Business · iOS app

Murphy’s CountDown

A small iOS utility that turns end-of-shift register counting into exact instructions.

Compendium article 006 Revision 0.4 · July 2026

Murphy's CountDown is the kind of software whose value is obvious only after performing the underlying task repeatedly. Closing a cash register requires simple arithmetic, but the repetition, denomination handling, and need to leave the correct starting drawer make small mistakes easy.

Employees enter the count of each bill and coin denomination in a drawer; the app calculates the total and explains what to remove or keep for the next shift.

The aim. Remove repetitive cash-register arithmetic from a real workplace routine.

01The problem behind the project

It solved a concrete problem Josiah experienced firsthand while closing a register and became his first shipped app.

The app was designed from inside that workflow. Instead of behaving like a general calculator, it asks for the count of each bill and coin, totals the drawer, and converts the result into exact instructions about what should be removed or retained.

Cash-handling employees doing a standard register countdown. The project is independent and should not imply endorsement by Papa Murphy’s.

02How it took shape

First prototyped in Python, then converted into a SwiftUI iOS app through an early copy-and-paste AI-assisted programming workflow in Xcode with ChatGPT.

The earliest version was prototyped in Python and then translated into a SwiftUI iOS application through an early ChatGPT-assisted workflow. That progression matters because the app predates integrated coding agents: Josiah defined and tested the behavior while moving code, errors, and corrections between tools.

Josiah identified the workflow, defined the calculation and instructions, iterated the interface, tested it at work, and shipped the application.

The app reached the App Store and was used by some coworkers for a period of time.

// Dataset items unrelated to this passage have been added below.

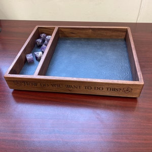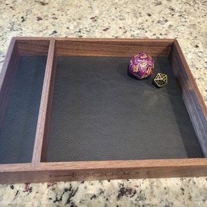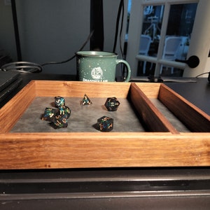 An absolute perfect dice tray for my D&D campaign. Exactly what I was looking for. It is so well made and looks so good it is very similar to my friend's very expensive tray. I also had a question about my order and Dan and Cara were so quick and helpful and I got the perfect tray.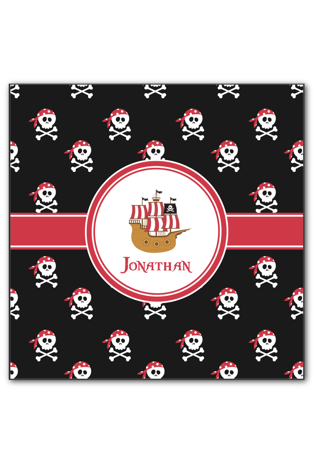 Pillage and plunder is the name of the game with this pirate design. Set on a backdrop of black, the skull and crossbones, sporting red and white polka dot dew rags, are the showcase in this design. A wide band of red trimmed in white bring these classic colors together.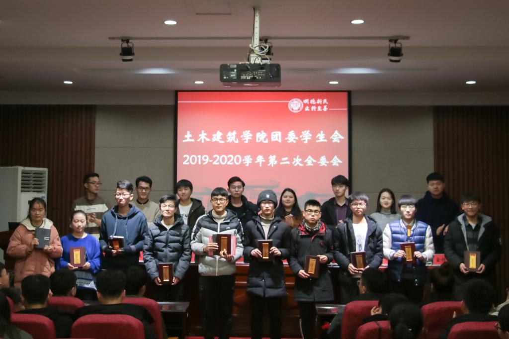 Zhou Shenglang, deputy student Secretary of the Youth League Committee, read out the commendation decision of student leaders of the student union of the Youth League Committee of the Institute of civil engineering and architecture and the science and innovation center of university students in the first semester of the 2019-2020 academic year. Mr. Xu Guixiang and members of the presidium presented honorary certificates and prizes to the award-winning cadres and took a group photo as a memento.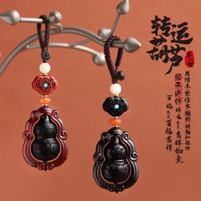 紫檀車鑰匙掛件葫蘆黑檀木福祿平安汽車鑰匙繩掛件鑰匙扣鎖鑰匙圈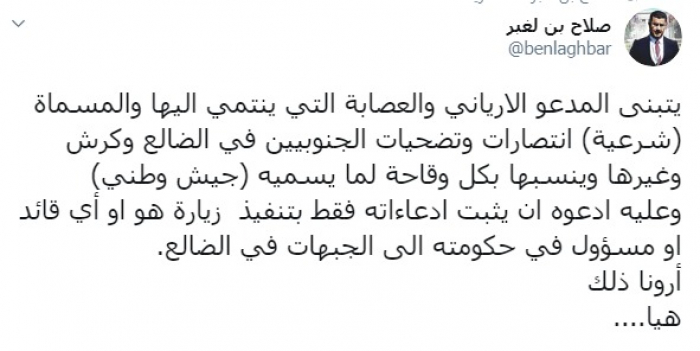 وكتب عبر تغريدة له على "تويتر" رصدها " المشهد العربي": "يتبنى المدعو الإرياني والعصابة التي ينتمي إليها والمسماة (شرعية) انتصارات وتضحيات الجنوبيين في الضالع وكرش وغيرها وينسبها بكل وقاحة لما يسميه (جيش وطني)، وعليه أدعوه أن يثبت ادعاءاته فقط بتنفيذ زيارة هو أو أي قائد أو مسؤول في حكومته إلى الجبهات في الضالع، أرونا ذلك".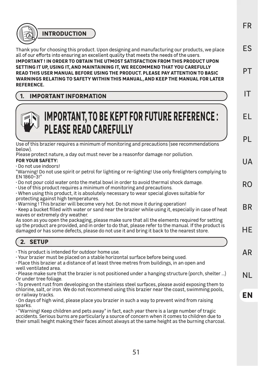 Pour votre sécuri * ATTENTION! Ce brasero n'est pas un barbecue, il est fortement interdit de l'utiliser comme moyen de cuisson.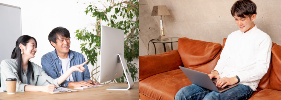 コロナ対策も万全のオンライン環境での受講も可能!さらに!受講終了後に希望があれば、WEBエンジニアとして採用制度まで充実しています!講師が働く現場で仕事ができるため人間関係も円滑で安心です。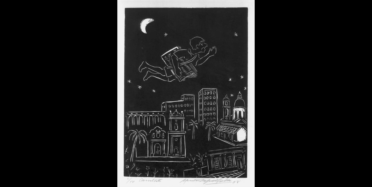 Precisamente, dentro del inventario de Santa Fe Arte, figura una obra donde claramente se observa el estilo de Zapata Gollán que podría ubicarse dentro de ese marco referencial y que se reproduce como apertura de esta nota. Fuertemente metafórica, muestra un “canillita” que sobrevuela un espacio que claramente es santafesino, bajo la luz de la luna, mientras “vocea” para vender su producto.
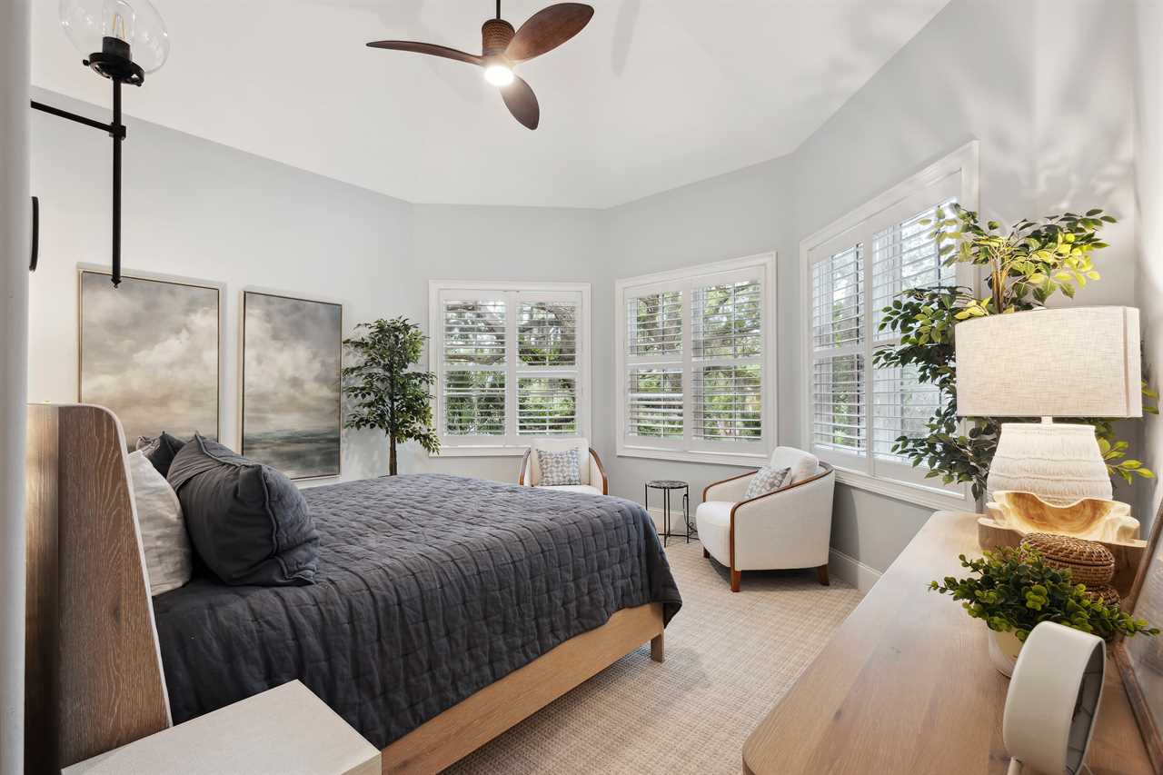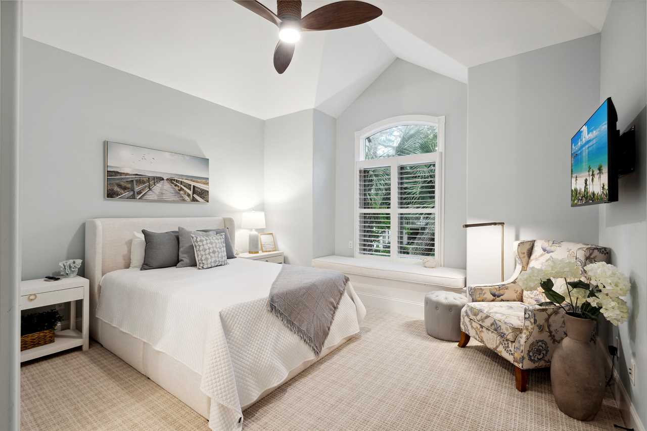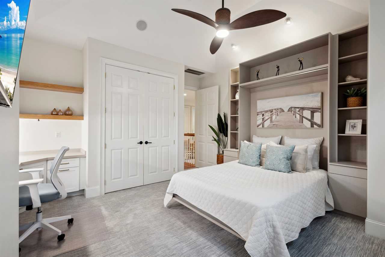 Bedroom 2 offers a murphy-style queen bed and a perfect office space for those blending leisure and business. Nearby, Bedroom 3 has a king bed and panoramic windows, sharing a hallway bathroom with Bedroom 2. Bedrooms 4 and 5 feature en-suites for added privacy and cozy touches like lagoon views and window seat reading nook.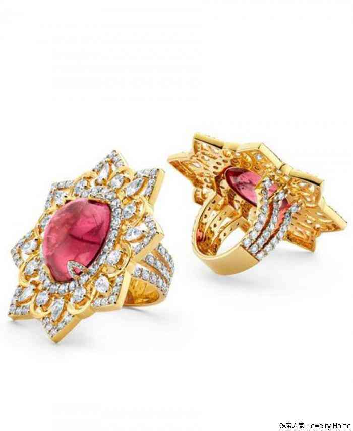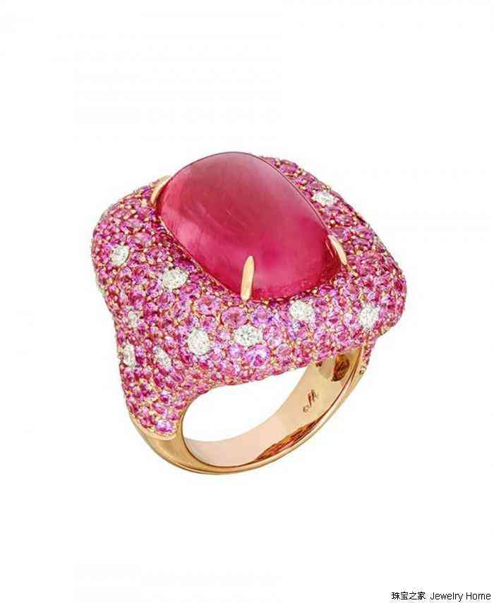 Marbella 凸圓形盧比來(lái)戒指,鑲飾一顆17.66克拉凸圓形盧比來(lái),周圍鑲飾粉色藍(lán)寶石和鉆石,售價(jià):$ 20,500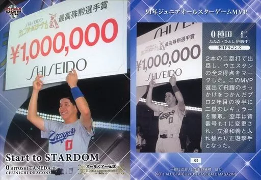 Nombre comercial en japonés: BBM/レギュラーカード/中日ドラゴンズ/BBM2014 オールスター伝説90’s 83 [レギュラーカード] : 種田仁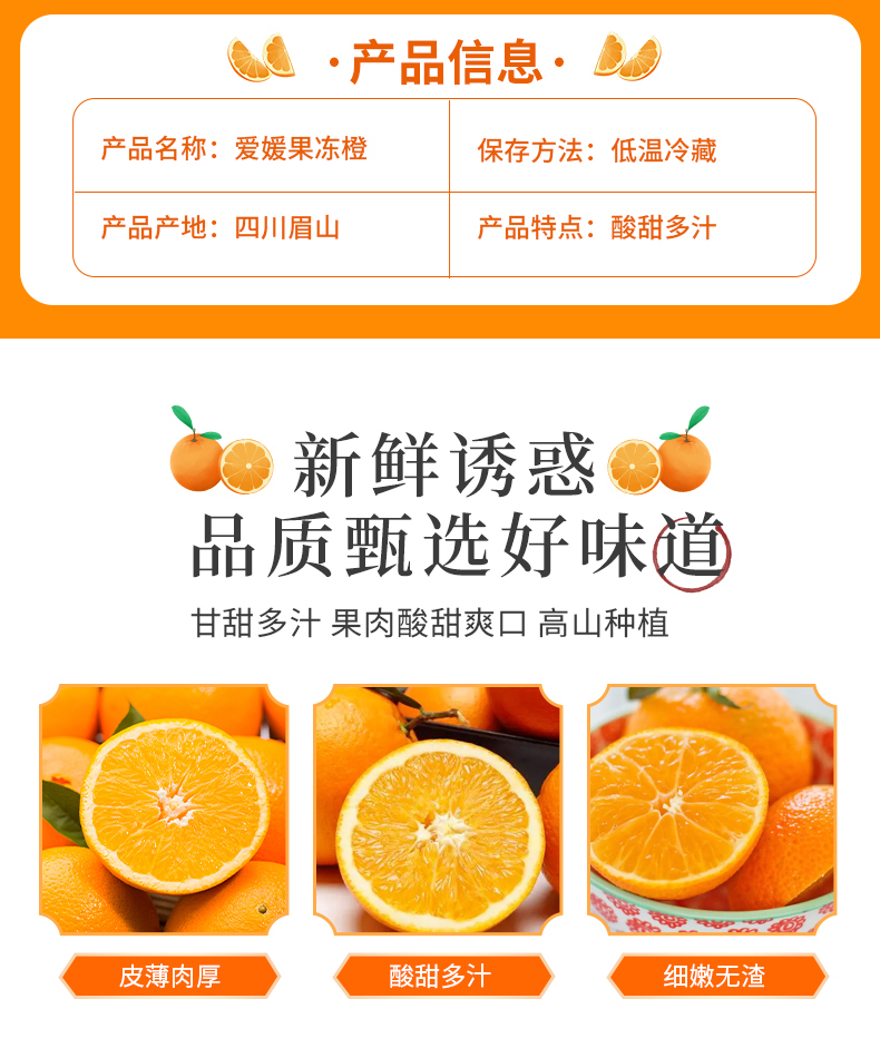 【爱媛果冻橙】蜀中橘橙 细嫩爆汁酸甜适口甜蜜无渣果冻橙4.5斤/8斤装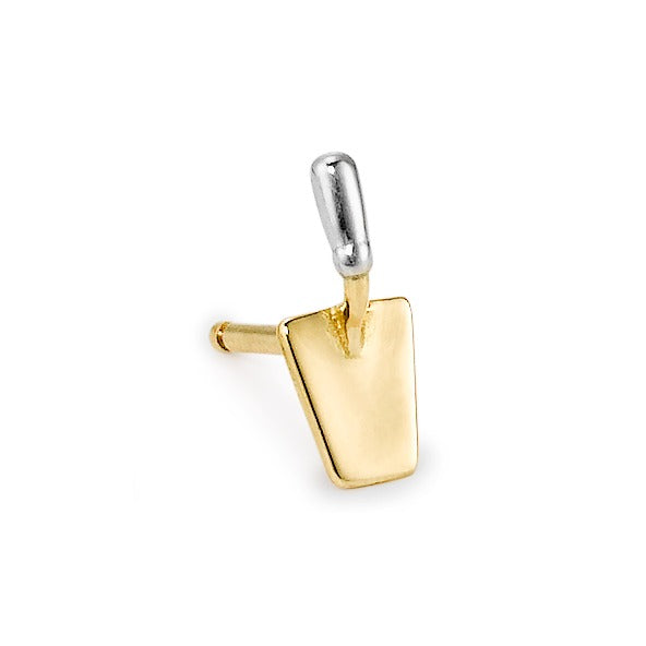 Pendiente para hombre de oro amarillo 18K (750), diseño exclusivo con detalle en plata inspirado en la figura de un maurero. Elegante y moderno, ideal para un estilo sofisticado y único. Se vende por unidad. Perfecto para uso diario o eventos especiales.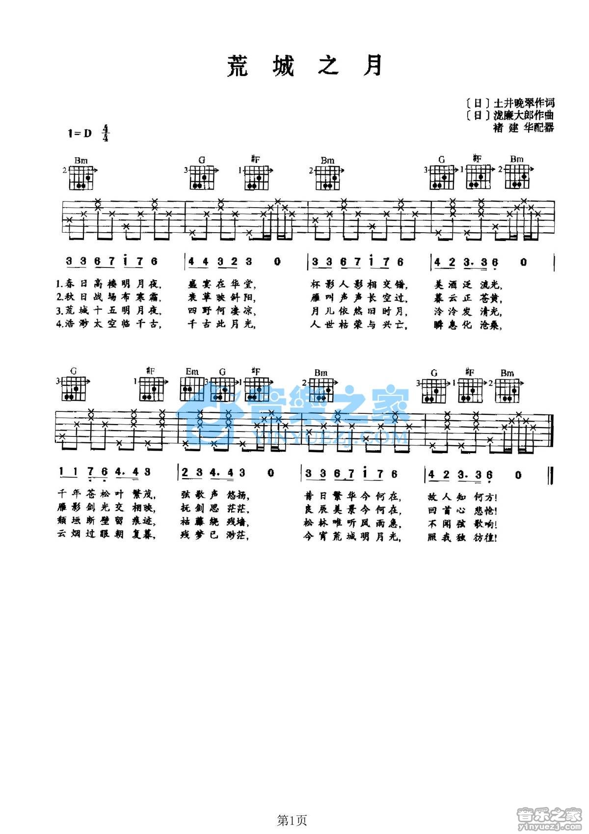 吉他日本民歌《荒城之月》吉他谱_吉他弹唱谱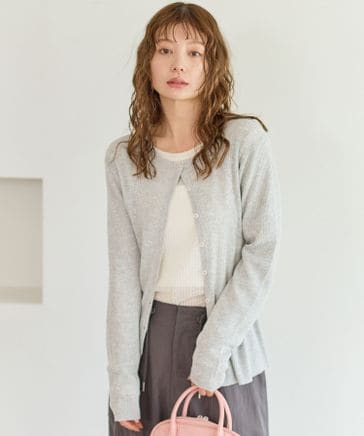 [春夏の羽織りに]シアーリブニットクルーカーディガン

03What the project means now

Its scale is modest, but its product logic is strong. It replaced a repetitive workplace calculation with a purpose-built instruction, reached the App Store, and was used by coworkers—evidence that a very small tool can still complete the full path from observed friction to real handoff.

Current usage and listing status are unknown, and the exact relationship between Murphy’s CountDown and an older Register Countdown artifact needs to remain merged and clearly explained.

The best first software project can be a small piece of friction you understand better than anyone else.

Capture the listing, screenshots, build decisions, current status, and employer-brand boundary.